So much of the funeral and memorial industry is centered around products and services that will ensure you (or your loved one) continue to live on in the memories of the ones left behind, long after they’ve passed. Fingerprint jewelry, tattoos (new, done with ashes of the person, or old, preserved from the body of your departed beloved), glass baubles made from ash, paintings and custom urns and trees and interactive websites and memorial Facebook pages, and on and on–there are as many ways as there are deaths, it seems.
Often, I’ve read (and also heard it said) that grieving people become distressed when they lose or forget the smell of their loved one. Essence on pillows and shirts and such, unless preserved, will likely fade with time; there may still be many environmental smells (baking, books, BO–in the case of my much-beloved grandparents!) which would trigger memories, but the unique smell of someone’s own body is usually gradually lost once the person has died.
Until now.
If you have $600 to spare, a French start-up company will extract the specific odor of your loved one from an article of their clothing, and use the roughly 100 molecules of information to recreate the smell in a perfume.
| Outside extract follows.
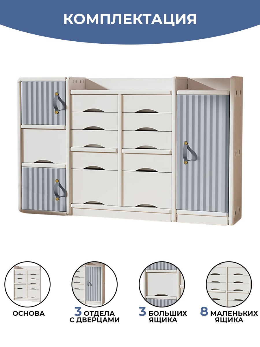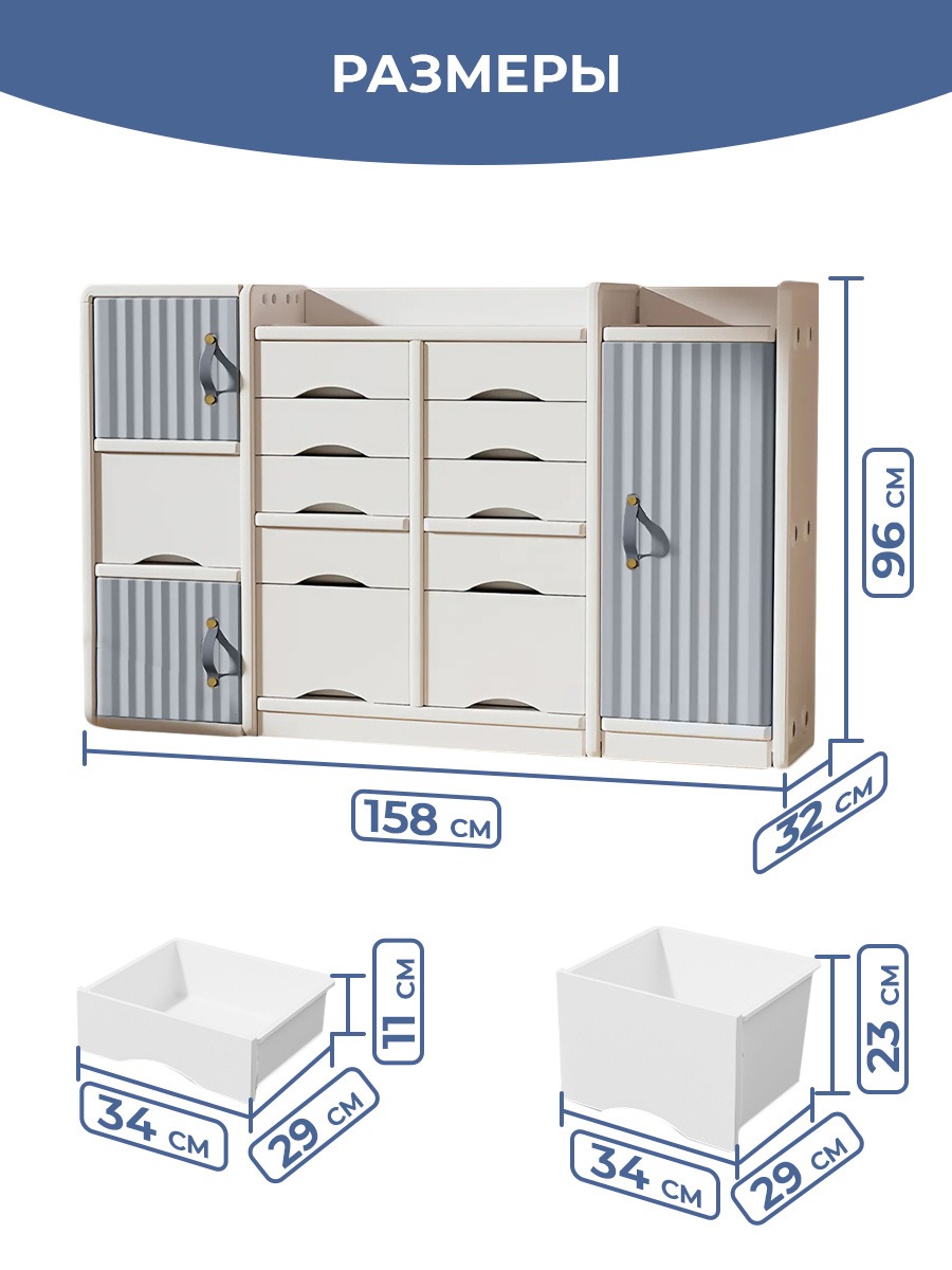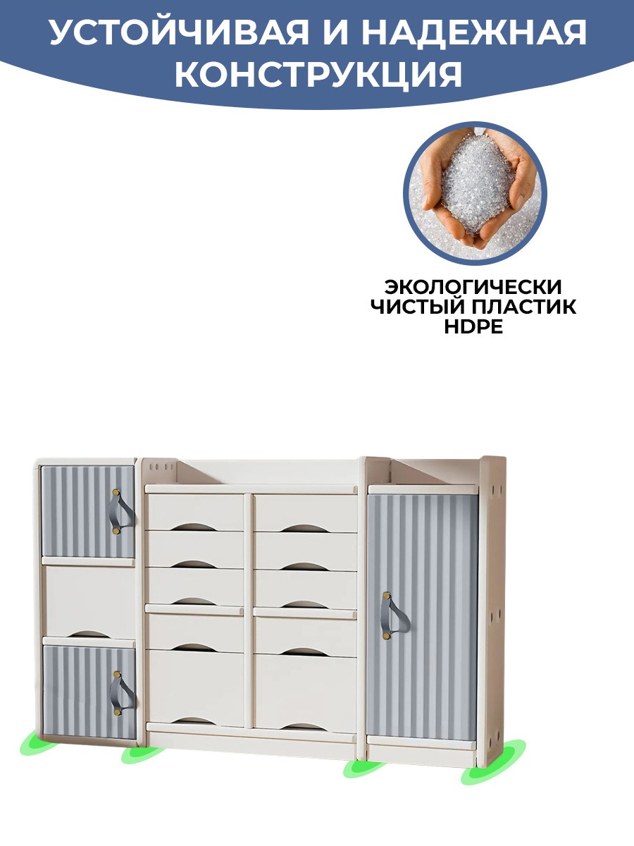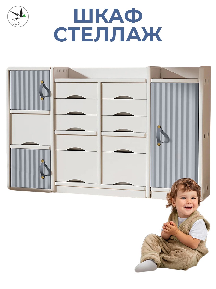 Новый стеллаж в детскую комнату LESTI RIF - это не только удобное решение для хранения игрушек, вещей и книг, но и стильный элемент мебели в детской комнате. Размером 158х32х96 см, этот стеллаж легко впишется в любой интерьер. Он имеет 3 больших ящика (34х29х23см.), 8 маленьких (34х29х11см.) и 3 полки с рифлёными дверцами разных размеров. Под ящиками есть фиксатор от падения. Сборка шкафа для игрушек быстрая и простая, вертикальные секции стеллажа можно соединять между собой в любом порядке. Нейтральный бело-серый оттенок стеллажа для игрушек с акцентной полоской на дверцах, придают ему стильный и современный вид. Наш детский шкаф изготовлен из экологически чистого пластика HDPE, имеет закругленные углы, что гарантирует безопасность вашему ребенку. Подарите своему малышу радость и уют - выберите наш детский стеллаж LESTI RIF!

In the grand scheme of funeral prices, $600 isn’t out of the ballpark of what people will pay to remember or memorialize their loved ones. Caskets most always cost more. Headstones and plots sure do, as can some cremation jewelry and many urns! Obituaries (at $10/line in my local paper) could add up to $600 rather rapidly.
What do you think? Eau de Spouse? L’air Du Temps Maman? Could you imagine it worth $600 to you to be able to recall the specific smell of someone you loved?
And if so, how would you use it? Spray it on an object? Scent yourself with it?